UK Police Forces Campaign to Employ Biased Facial Recognition Technology

Law enforcement agencies across the UK effectively campaigned to deploy a facial recognition system acknowledged as biased against women, youths, and individuals from minority ethnic backgrounds, following complaints that a more accurate version generated a reduced number of investigative leads.

The Technology in Practice

UK forces use the police national database (PND) to carry out searches using historical face recognition. This procedure involves matching a “probe image” of a person of interest against a repository of over 19 million custody photos to identify possible hits.

Admitted Bias

The UK interior ministry conceded last week that the technology was flawed. This acknowledgment came after a study by the government's National Physical Laboratory determined it incorrectly matched Black and Asian people and women at significantly higher rates than Caucasian males. The ministry stated it “had acted on the findings”.

“It prompts the question of whether facial recognition only becomes effective if users tolerate discrimination in ethnicity and sex. Convenience is a weak argument for overriding basic freedoms.”

Long-Standing Problem

Internal documents reveal that this discriminatory flaw has been known about for over twelve months. Furthermore, police forces lobbied to reverse an initial decision that was designed to mitigate the problem.

Senior officers were informed of the system's bias in September 2024. The Home Office-commissioned laboratory study found the system was had a higher probability to produce false positives for photos of females, Black people, and those aged 40 and under.

A Policy U-Turn

In reaction, the national police leadership body ordered that the confidence threshold required for potential matches be increased to a level where the disparity was significantly reduced.

However, this decision was reversed the next month following complaints from police that the adjusted system was generating fewer “investigative leads”. NPCC documents show the higher threshold reduced the number of searches resulting in possible identifications from 56% to a mere under 15%.

Profound Inequalities

Although the authorities refused to say what setting is currently used, the latest NPL study discovered the system could generate incorrect matches for Black women almost 100 times more often than for Caucasian women at specific configurations.

The Home Office commented on these findings: “The testing identified that in a limited set of circumstances the software is more likely to incorrectly include some demographic groups in its match reports.”

Operational Effectiveness vs.
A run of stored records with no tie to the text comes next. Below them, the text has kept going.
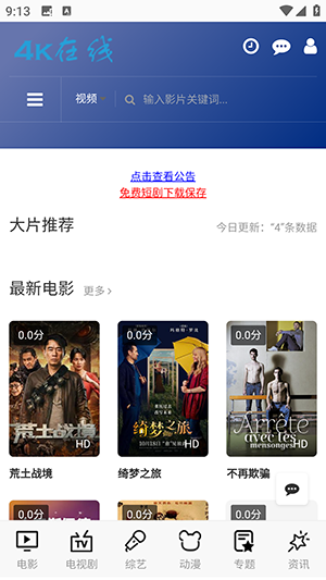 4K在线追剧app是互联网用户打造的一款影视平台,它里面提供了大量影视资源内容,在里面可以查找到动漫,电影,电视剧,综艺等影视内容,可以靠搜索来找自己喜欢看的影视剧作,软件整体经过去广告处理,点击影视作品即可播放,无需等待开头广告,体验感非常好,赶紧下载试试吧。
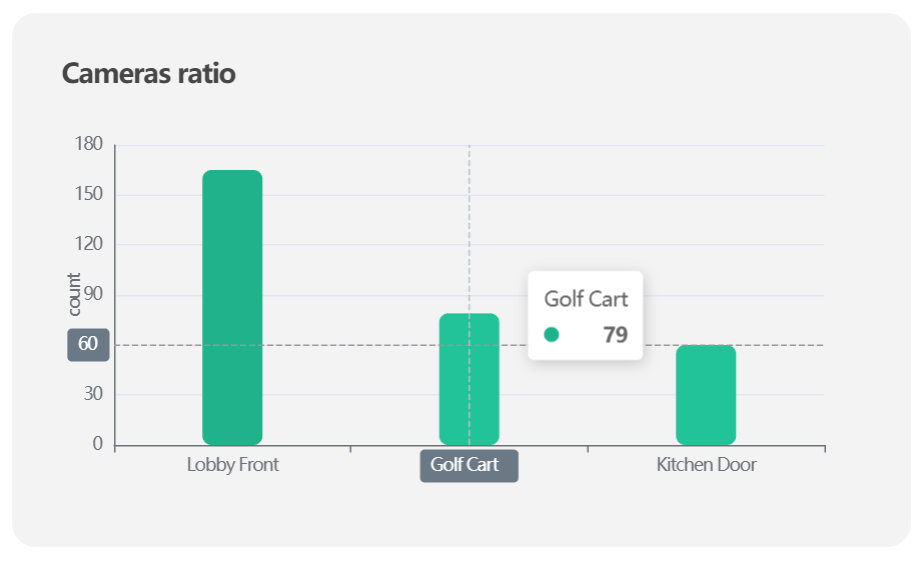- Camera Ratios: The dashboard shows which cameras are detecting the most foot traffic at a glance. This information can help you optimize staffing, cleaning, and security, evaluate camera placement, track visitor trends, and assess the effectiveness of promotions or events.
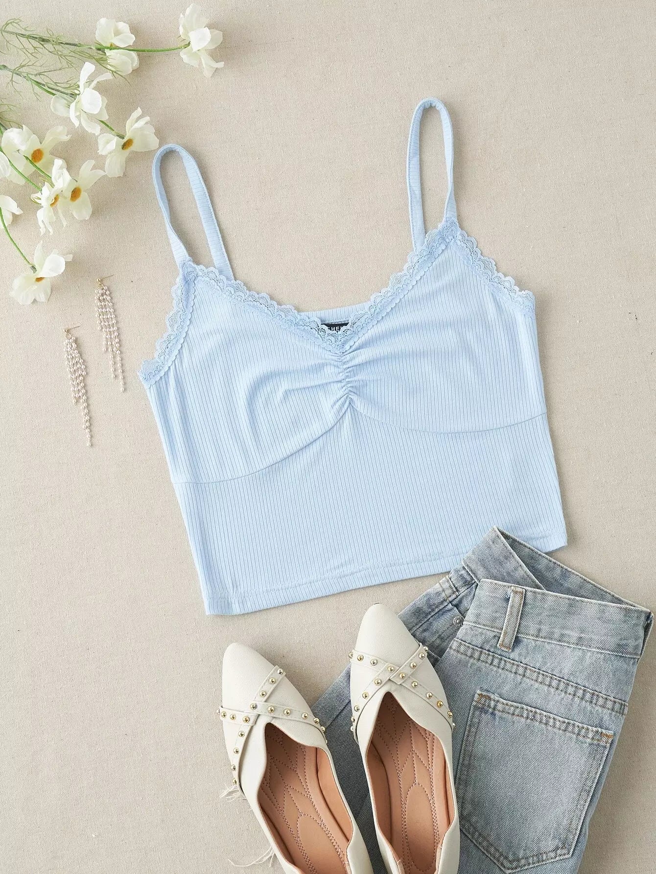 بلوزة كمي دانتيل بحياكة مضلعة من الدانتيل
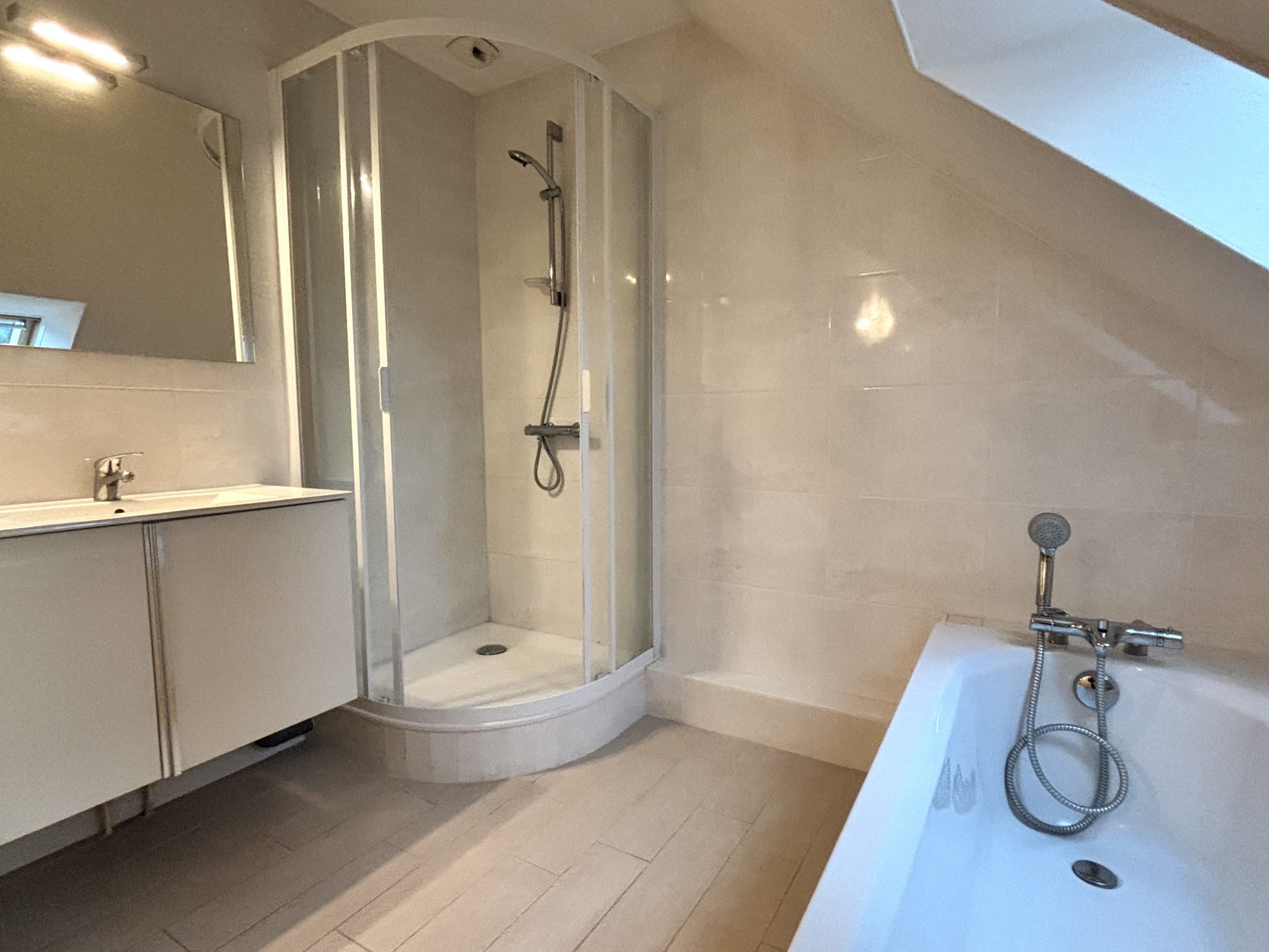 À l'étage : trois belles chambres et une salle de bain.
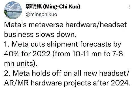 就在6月22日,天风国际分析师郭明錤称,Meta推迟了2024年之后所有新耳机、AR、MR硬件项目,并将2022年的出货量预测下调40%。
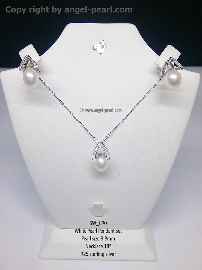 ชุดจี้ไข่มุกแท้ทรงหยดน้ำ ขนาด 8-9mm เงาวาวสวย
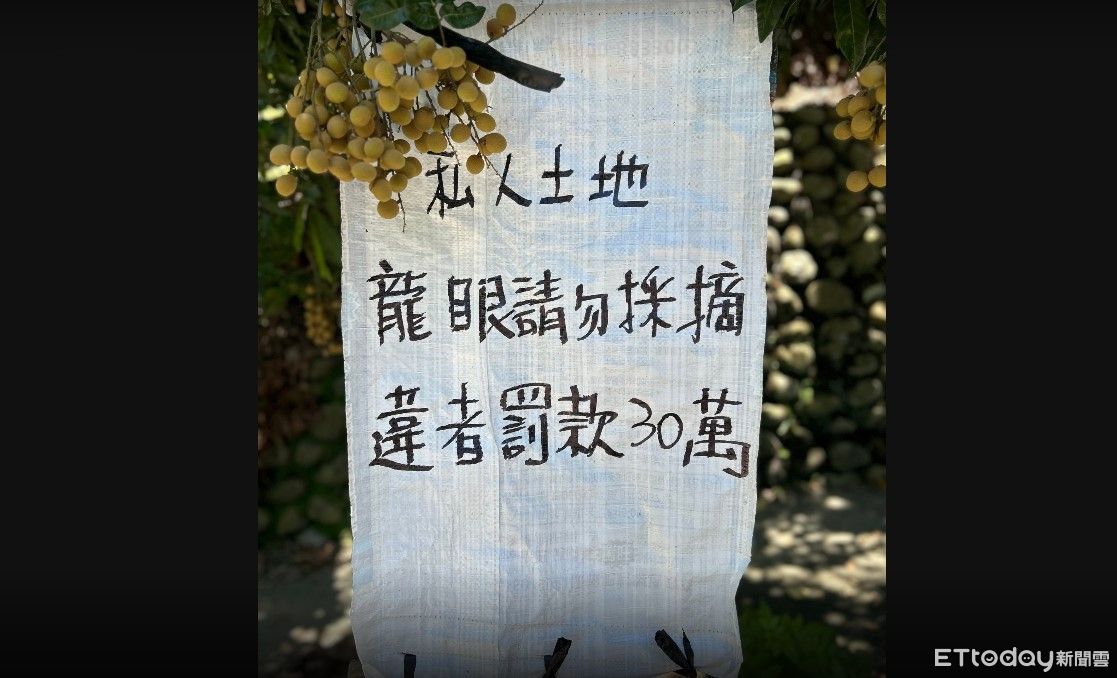 李天生表示,霧峰桐林北坑產業道路通往菁桐林生態園區及一線天風景區,進出往來遊客眾多,路旁龍眼結實纍纍,隨手可得,容易遭到不肖份子採摘,目前進入龍眼採收季節,農友再度懸掛出「私人土地、龍眼請勿採摘、違者罰款30萬元」警告標語,提醒路過民眾不要偷摘。
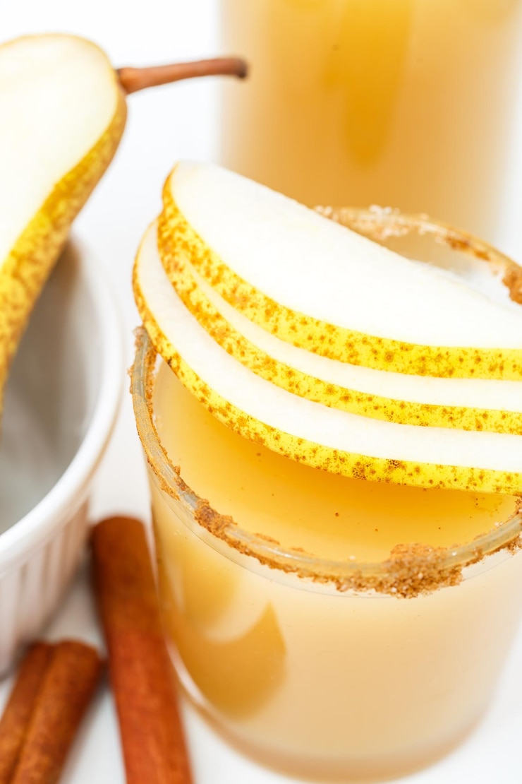 - Режем фрукты тонкими дольками вместе с кожицей, затем помещаем в раствор для сохранения цвета.
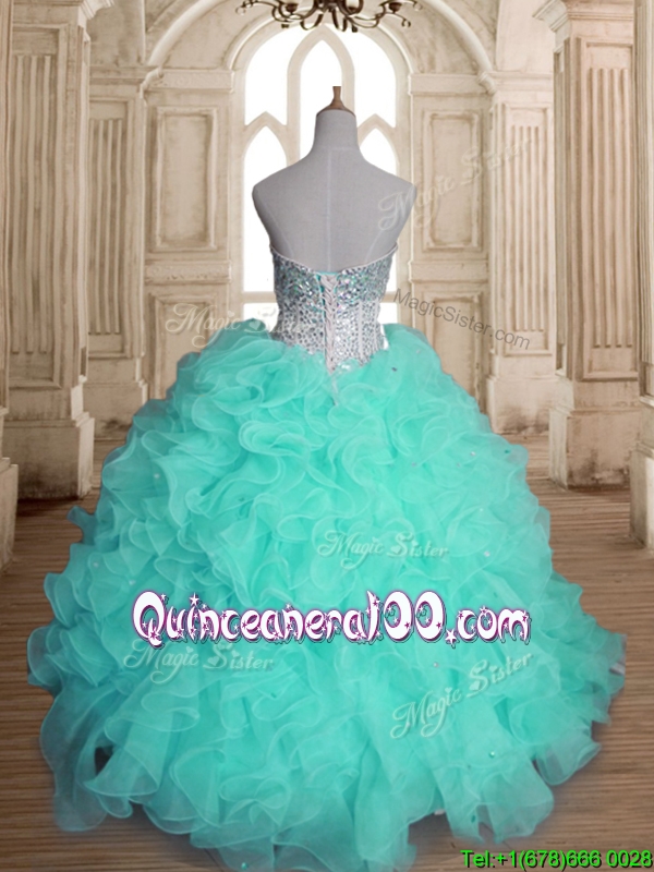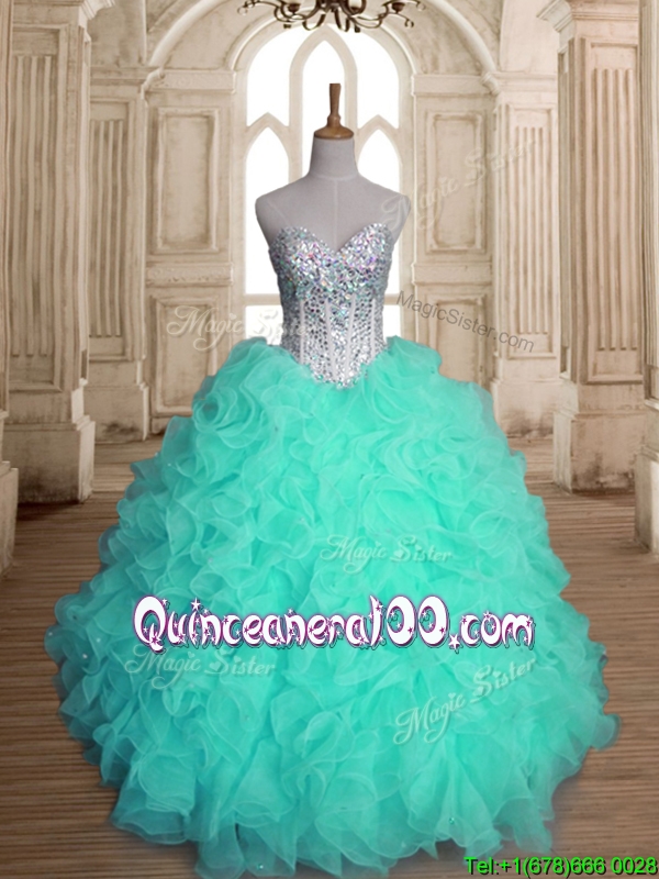 Pretty Apple Green Sweet 16 Dress with Beading and Ruffles for Spring
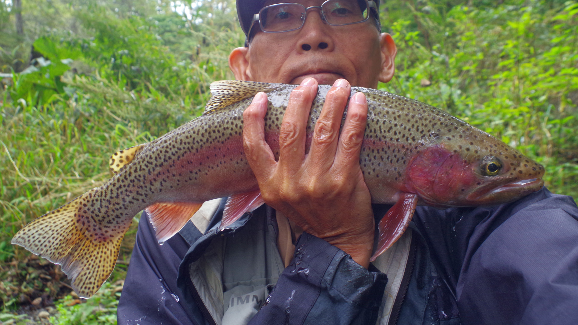 【使用タックル】 IL_Flusso/Tilf72、VanfordC3000HG、SiglonPEx8(35lb/2号)+GrandMaxFx2.5号、 Sukari50ssDeep/オイカワOB、Bretton#2金赤、他 【9月18日(木)やはりシルバーウィークは釣り人が多い】 午前中はPC作業に忙しく、午後から少しだけホームの渓で竿を出してみました。やはりシルバーウィークと言うことで、平日でも渓畔にはポツポツと釣り人の車が停まっています。構わずに空いている場所に入渓すると、今度はすぐに下流側からフライマンが2人、追い掛けてきました。ただ、前日とは打って変わって活性は高く、おチビちゃんが3尾ヒットし、最後に31cmのすこぶる元気で綺麗なニジマスがヒット。すぐ後ろにフライマンが来ていたので、2時間足らずでアッサリと納竿しました。その後は阿寒湖まで移動しました。
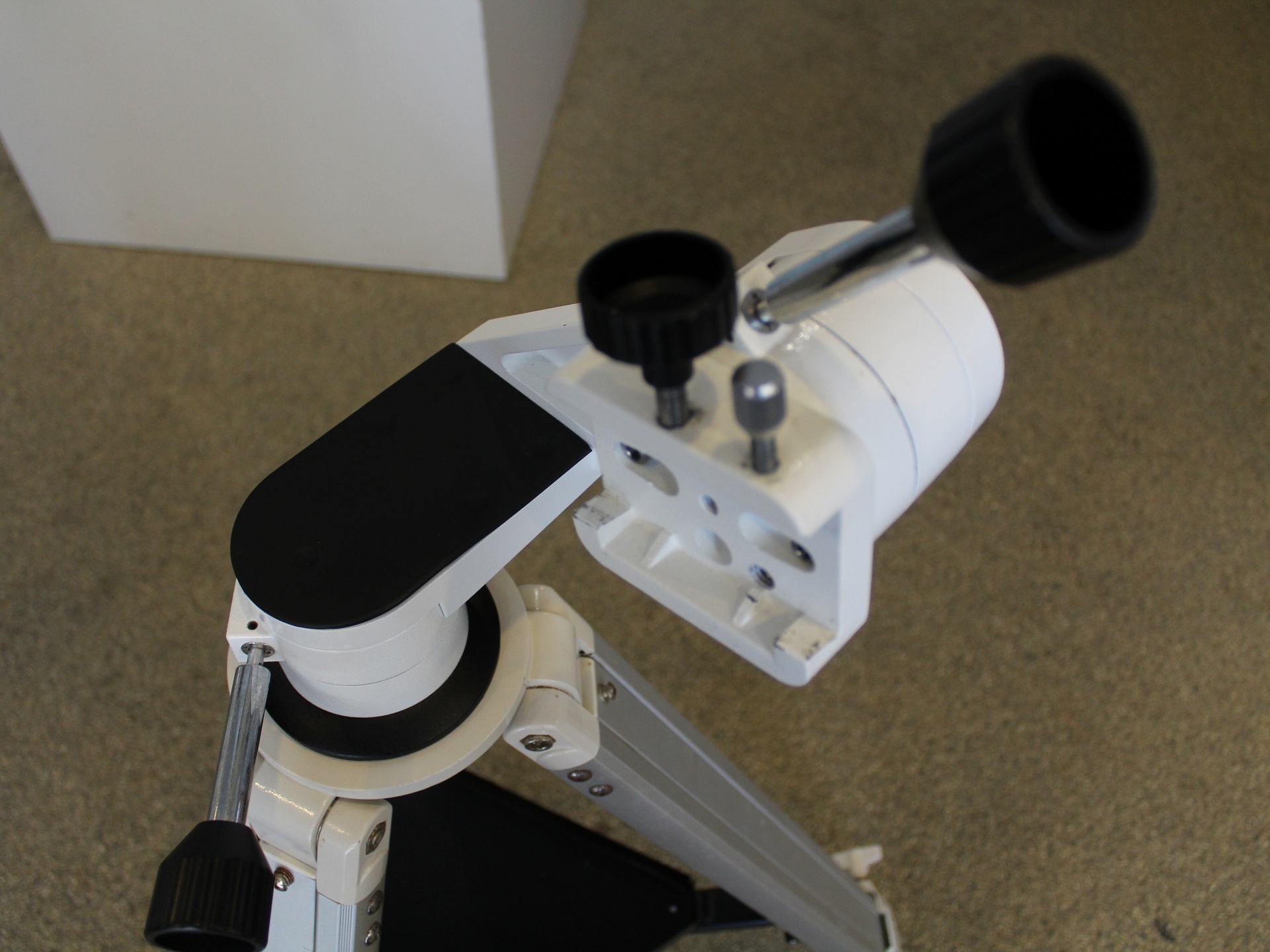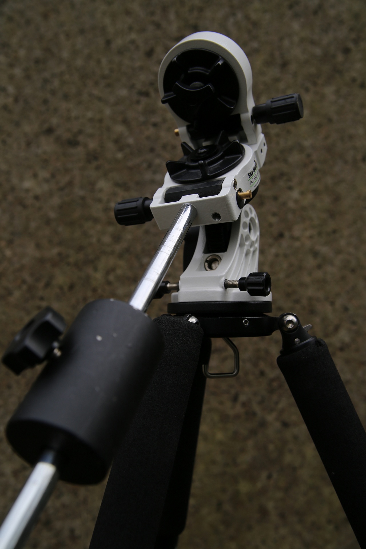 Wel kan deze montering alleen gebruikt worden in combinatie met de bijgeleverde stevige (maar niet té zware) astronomische driepoot. Dus minder aangewezen voor wie een telescoop wil meenemen op het vliegtuig...
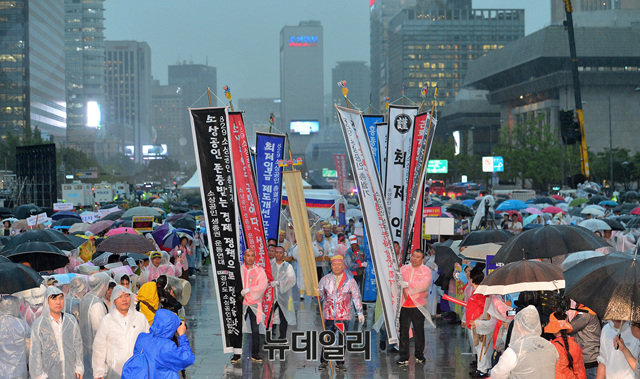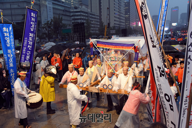 '최저임금 제도개선 촉구 대규모 총궐기 국민대회'가 열린 29일 오후 서울 광화문광장에 최저임금 제도개선 촉구 의미를 담은 만장과 상여가 비를 맞으며 들어서고 있다.
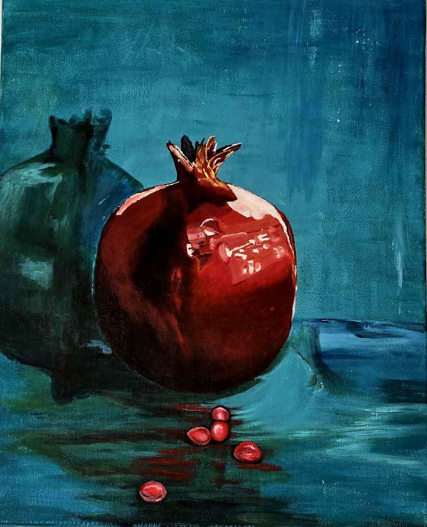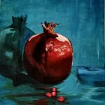 Against the depth of a teal background, the red fruit glows like a vessel of life. Its polished surface reflects light with an almost sacred intensity, while a few scattered seeds lie nearby like drops of blood, or scattered jewels. Behind it, a shadowy echo of another pomegranate suggests memory, continuity, or hidden abundance. The painting balances richness and restraint, turning the simple still life into a meditation on fertility, vitality, and the mystery enclosed within fragile skin.
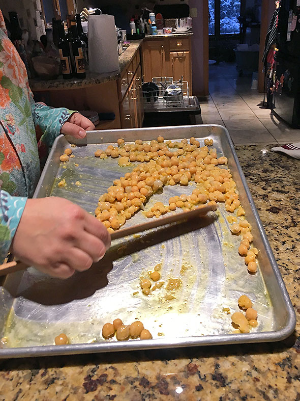 As we dressed for the day, we could smell the toasting chickpeas…both the peas’ nuttiness and the perfume of citrus and olive from the oil. We took the pan from the oven after 20 minutes with the chickpeas bubbling hot and crispy.

Bias

Describing the impact of the brief increase to the system's confidence threshold, the NPCC documents note: “The change significantly reduces the effect of discrimination across legally safeguarded attributes of ethnicity, generation and gender but had a significant negative impact on operational effectiveness”. The papers add that police units complained that “a once effective tactic now delivered outcomes of questionable value”.

Broader Rollout Plans

Meanwhile, the UK administration has launched a two-and-a-half-month consultation on its proposals to expand the use of facial recognition technology. The minister for police the relevant minister has labeled the technology as the “most significant advance since genetic fingerprinting”.

Expert and Oversight Concerns

The chair of a police oversight board, head of the advisory panel for the national policing equality strategy, said: “We observed scant discussion in equality strategy sessions of the facial recognition rollout despite obvious cross-over with the strategy's goals.

“This disclosure show once again that the anti-racism commitments the police has made via the equality initiative are failing to be integrated into broader operations. Our reports have cautioned that new technologies are being implemented in a landscape where ethnic inequalities, weak scrutiny and faulty information gathering already persist.

“All deployment of this technology must adhere to strict national standards, be independently scrutinised, and demonstrate it reduces rather than exacerbates racial disparity.”

Official Statement

A government representative said: “The Home Office takes the findings of the report seriously and we have implemented changes. A updated software has been externally evaluated and procured, which has demonstrated no measurable discrimination. It will be trialled in the coming months and will be subject to evaluation.

“The foremost aim is ensuring public safety. This gamechanging technology will support officers to apprehend and prosecute offenders. There is officer review in each stage of the procedure and no arrest or charge would be taken without trained officers carefully reviewing the output.”

Deborah Hunt
Deborah Hunt

A seasoned gaming analyst with over a decade of experience in casino reviews and slot strategy development.